Dr Hannah Arendt (1906–1975) was a political theorist and philosopher whose work explored totalitarianism, authority, and the conditions of modernity. Her scholarship profoundly shaped twentieth-century political and social thought.
Arendt was born to a secular, progressive Jewish family in Linden, Germany, and studied under Martin Heidegger at Marburg, She earned her doctorate at Heidelberg in 1929 under Karl Jaspers, writing her dissertation on love in Saint Augustine. In the late 1920s, her work on German Romanticism led her to Jewish salons, in particular that of Rahel Varnhagen, and questions of assimilation and Jewish identity. Interested in political theory, she read and wrote widely about it, especially concerning the rights of women.
In 1933, the Gestapo briefly imprisoned her for researching evidence of antisemitism in Germany.
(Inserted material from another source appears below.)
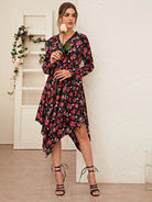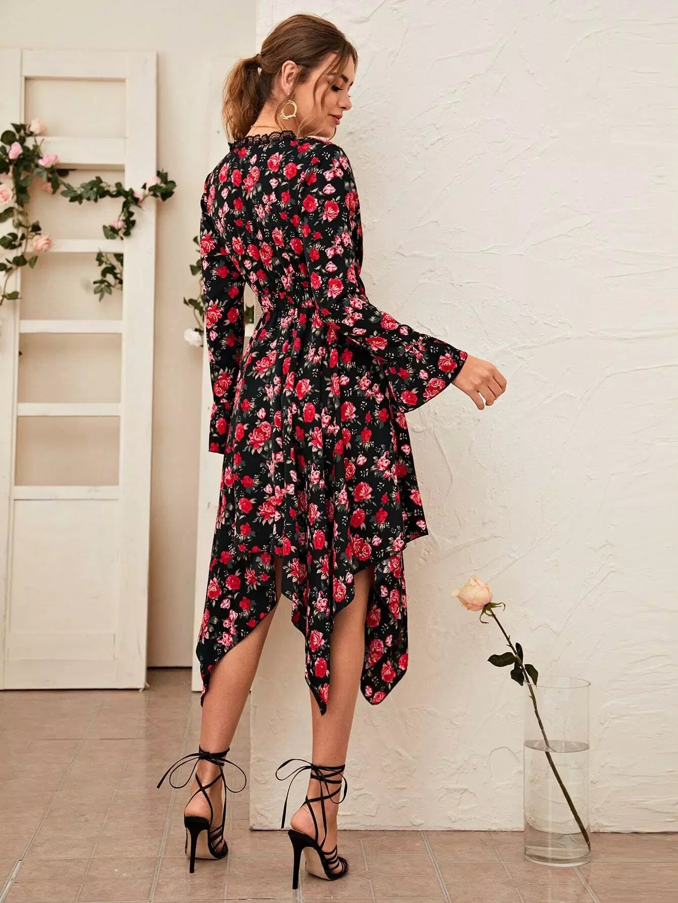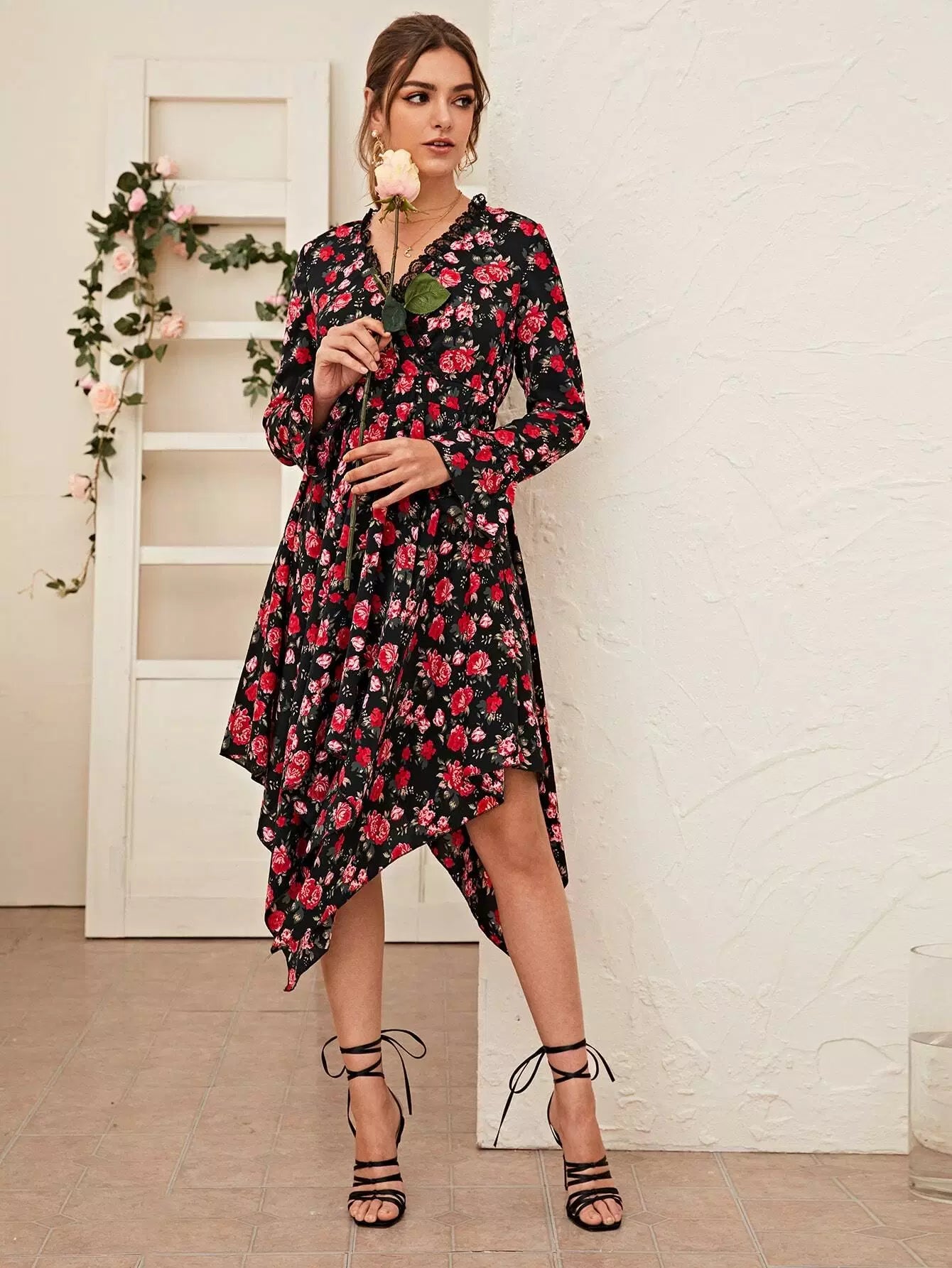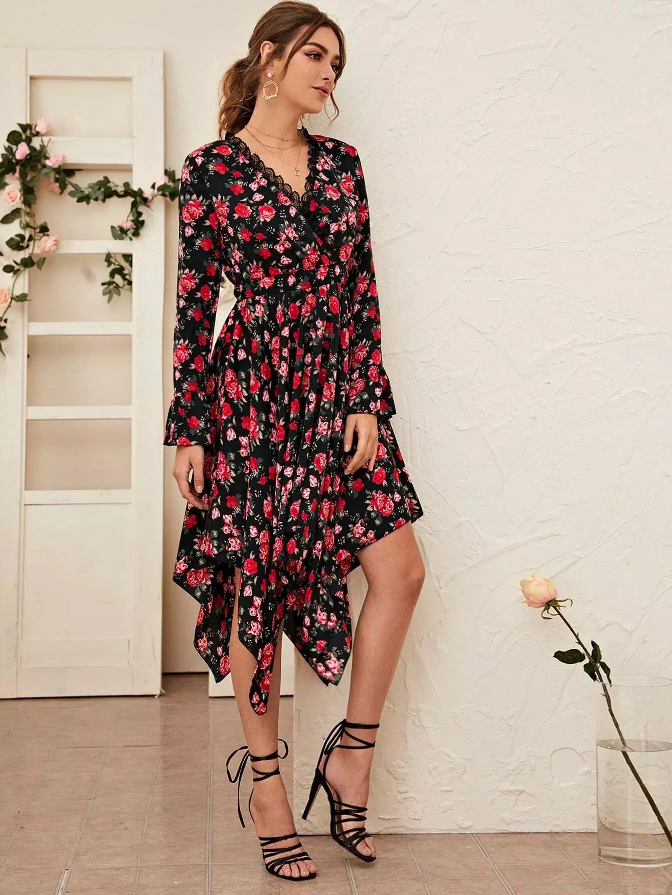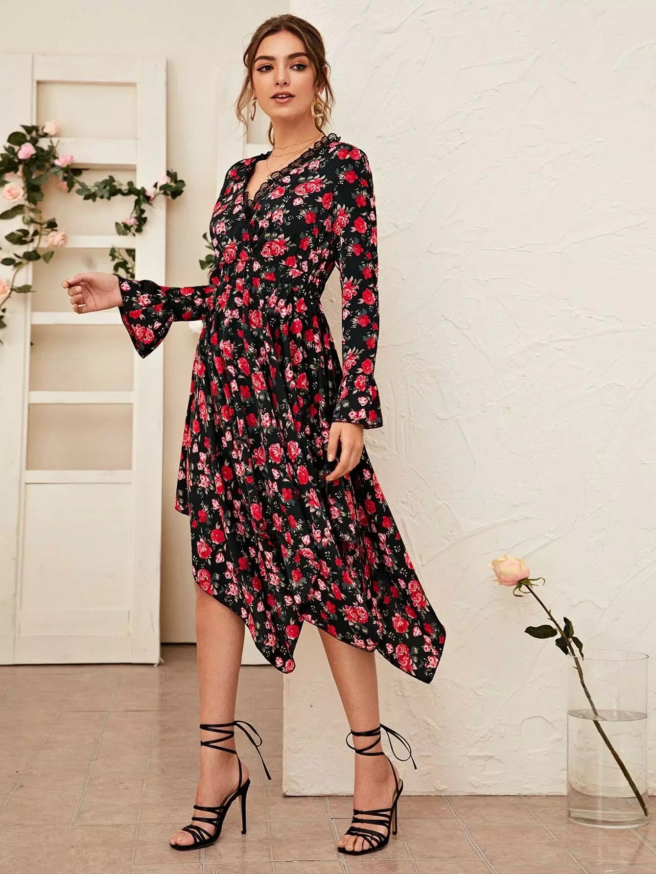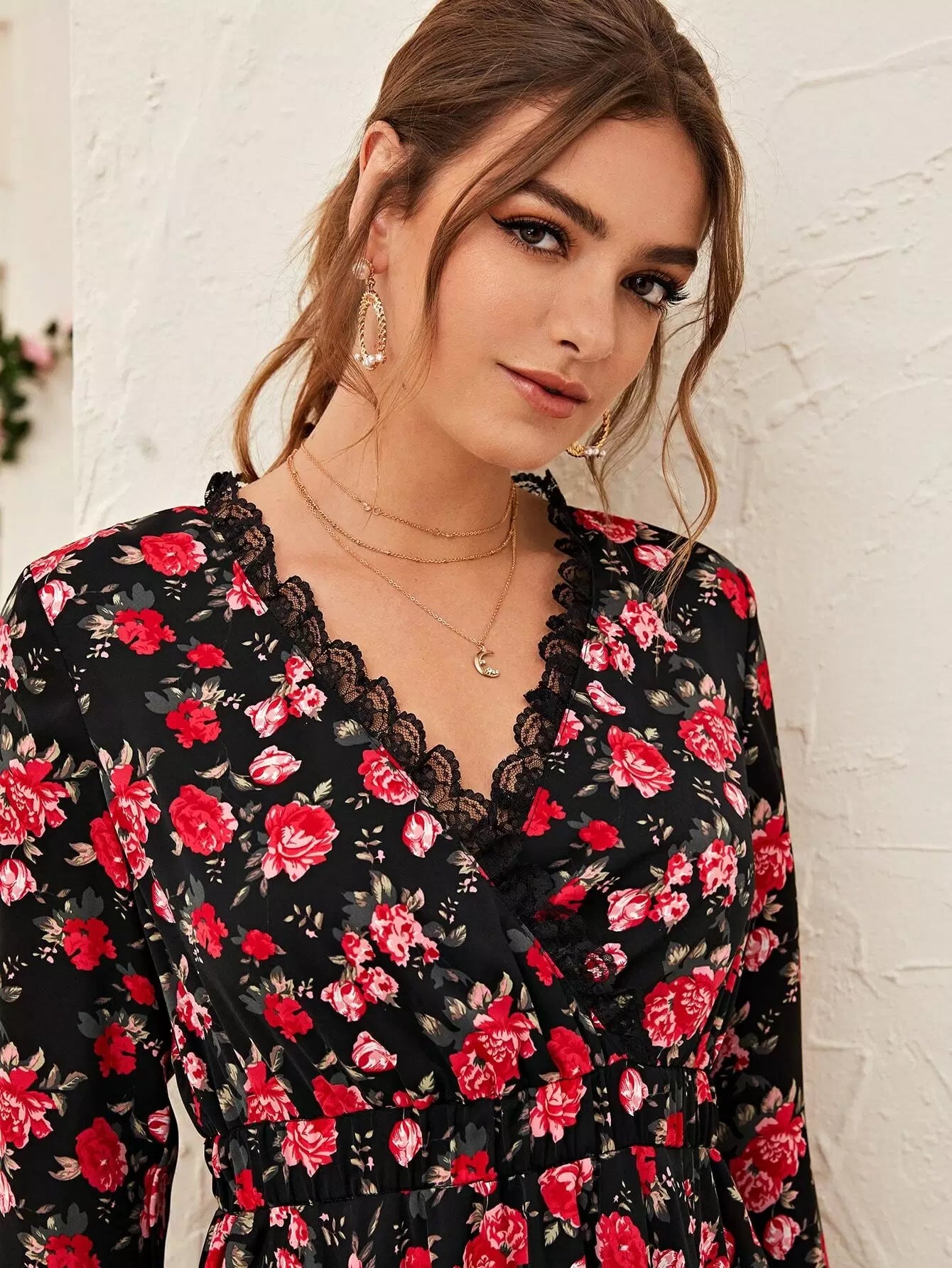 فستان بحاشية من الدانتيل بطبعة زهور بلون مغاير

She fled to Paris, aided young Jews emigrating to Palestine, and after being detained in France, escaped to the United States in 1941, becoming a citizen in 1950. Her reputation was established by The Origins of Totalitarianism (1951), followed by The Human Condition (1958), Eichmann in Jerusalem, and On Revolution (1963).
Her work explored power, authority, totalitarianism, and evil, coining “the banality of evil.” She died of a heart attack in 1975, leaving The Life of the Mind unfinished.